DATA SECTION: Begin

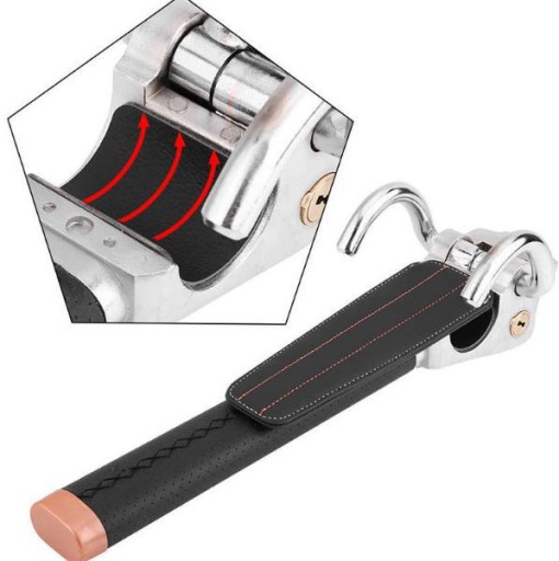 ✅ Elegancki wygląd: Stylowy design z czarną skórą i srebrnym korpusem, co sprawia, że blokada nie tylko chroni, ale także dodaje elegancji wnętrzu samochodu.
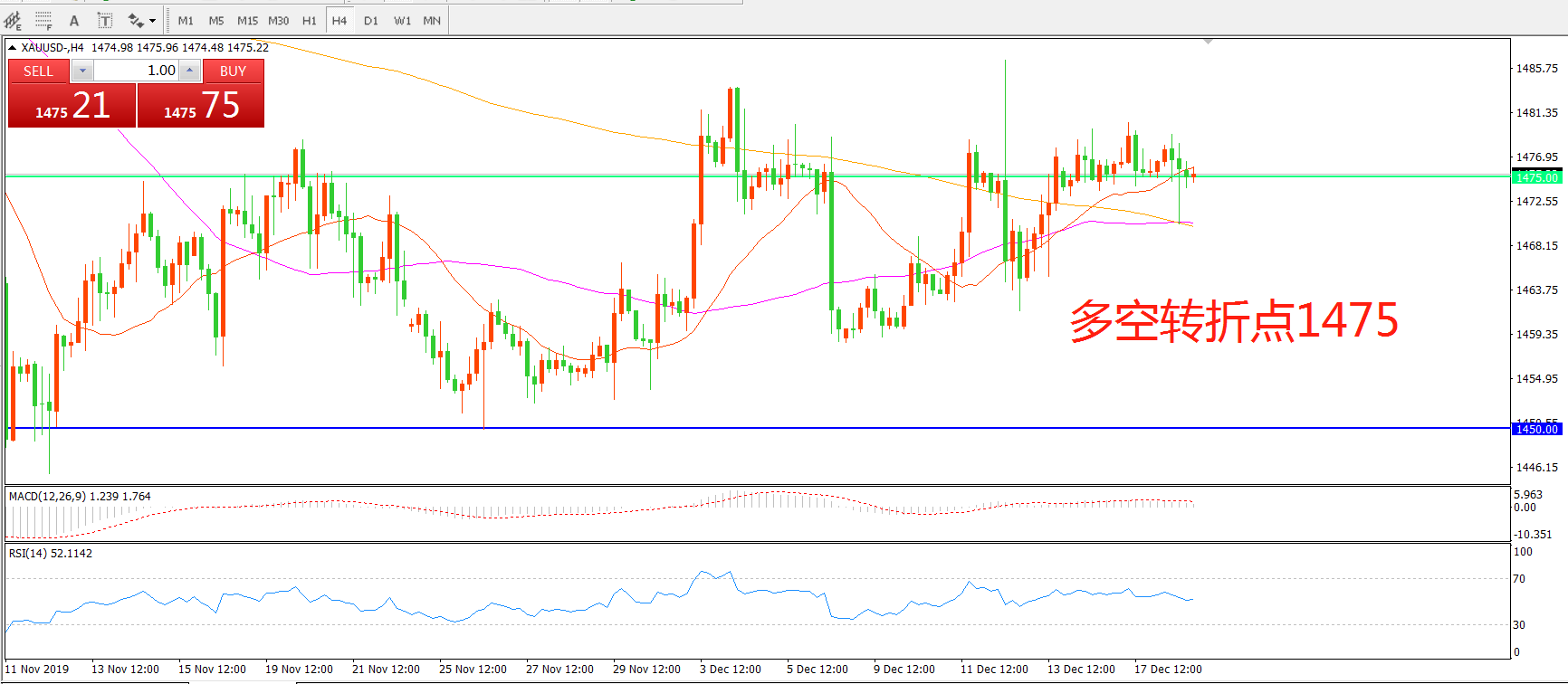 周三(12月18日),受强劲美国数据以及假期前流动性减弱的影响,金价整体波幅不大,窄幅震荡后收报1475.33美元/盎司。目前市场聚焦美国总统特朗普的弹劾辩论,据报道美国众议院目前已经开始就美国总统特朗普弹劾案条款进行辩论,辩论过后,众议院全体议员将对弹劾条款进行表决,如果弹劾条款被表决通过,将使特朗普成为美国历史上第三位被弹劾的总统。
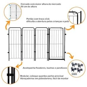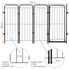 Cercado Cachorro Caes Grande Portao + 3 Modulos 162x98cm Cor: Preto Bem-vindo à UTILITY Somos uma loja online especializada em utilidades PET, utilidades Domésticas e produtos Pegue e Faça você mesmo Descrição do produto:- Cercado Dobrável Grande com Portão Conteúdo da Oferta-01 Cercado Dobrável Grande com 03 módulos + portão Benefícios:- É fixado com parafusos que acompanham o produto- Leve e fácil de montar- Fácil de guardar por ser dobrável- Ótimo custo benefício- Restringe espaços para pets de até grande porte- Alta durabilidade pintura antiferrugem Especificações do Produto:- Cor: Branco ou Preto- Material: Aço Carbono Aberto:- Altura: 98 cm- Largura máxima: 162 cm- Profundidade: 1,6 cm Fechado:- Altura: 98 cm- Largura: 36 cm- Profundidade: 8 cm Indicado para:- Casas- Apartamentos- Área de lazer- Pets de pequeno, médio e grande porte. Garantia:- 6 meses por defeito de fabricação. Assim que recebemos seu pedido, fazemos a postagem em até 24 horas. Aguardamos seu retorno Equipe Utility

DATA SECTION: End

TASK REQUIREMENTS: The copy should run from the first line of the material above through the line with "周三(12月18日),受强劲", repeated exactly and without pictures.

EXPECTED ANSWER:
 ✅ Elegancki wygląd: Stylowy design z czarną skórą i srebrnym korpusem, co sprawia, że blokada nie tylko chroni, ale także dodaje elegancji wnętrzu samochodu.
 周三(12月18日),受强劲美国数据以及假期前流动性减弱的影响,金价整体波幅不大,窄幅震荡后收报1475.33美元/盎司。目前市场聚焦美国总统特朗普的弹劾辩论,据报道美国众议院目前已经开始就美国总统特朗普弹劾案条款进行辩论,辩论过后,众议院全体议员将对弹劾条款进行表决,如果弹劾条款被表决通过,将使特朗普成为美国历史上第三位被弹劾的总统。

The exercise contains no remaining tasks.